-- WHAT IS REQUIRED --
In the data below, repeat the line containing "Sexy Halterneck Bikini" and every following line exactly, up to and including the last line. Exclude pictures.

-- GIVEN MATERIAL --
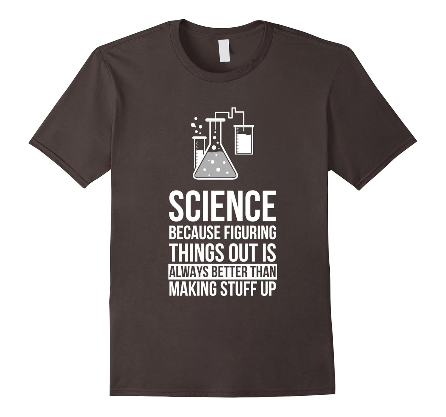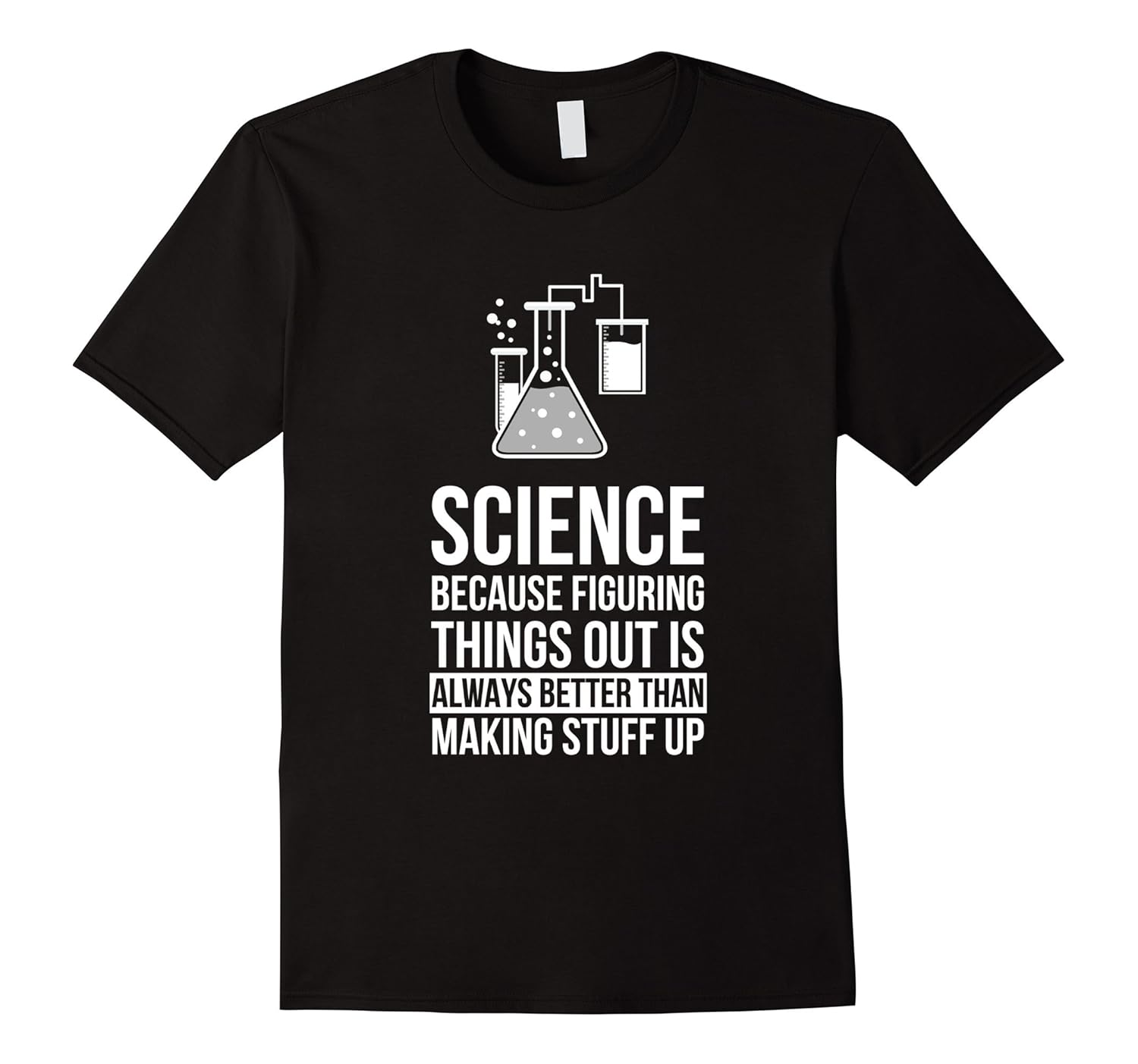 Solid colors: 100% Cotton; Heather Grey: 90% Cotton, 10% Polyester; All Other Heathers: 65% Cotton, 35% Polyester, Imported, Machine wash cold with like colors, dry low heat, Science because figuring things out is always better than making stuff up shirt. This brilliant science saying T shirt makes a great gift for a passionate science teacher, lecturer, tutor or professor. This Science joke T Shirt with conical flask is designed and printed to be fitted. For a more loose fit, please order a size up. Lightweight, Classic fit, Double-needle sleeve and bottom hem
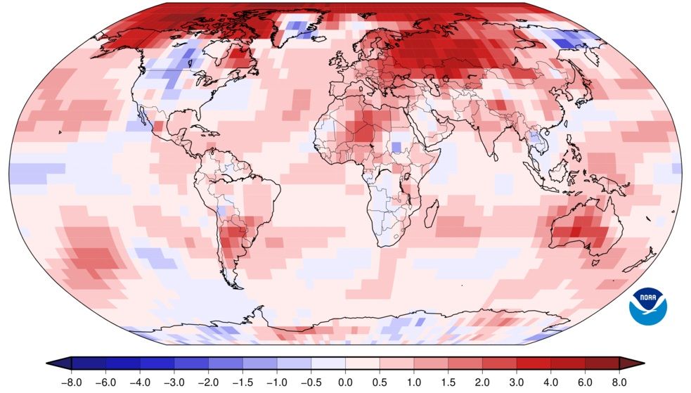 Hubo temperaturas mucho más cálidas de lo normal en la mayor parte de Europa, Asia occidental y meridional, amplias zonas de América del sur y Central, el Ártico y la mayor parte de Australia.
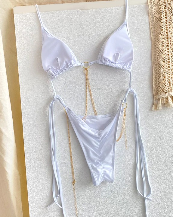 Sexy Halterneck Bikini 2025 Susanna White with Chain
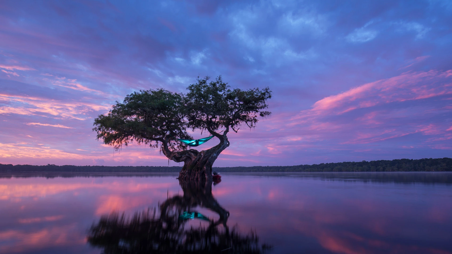 在一棵秃柏树上吊床露营,佛罗里达州

-- RESPONSE AREA --
 Sexy Halterneck Bikini 2025 Susanna White with Chain
 在一棵秃柏树上吊床露营,佛罗里达州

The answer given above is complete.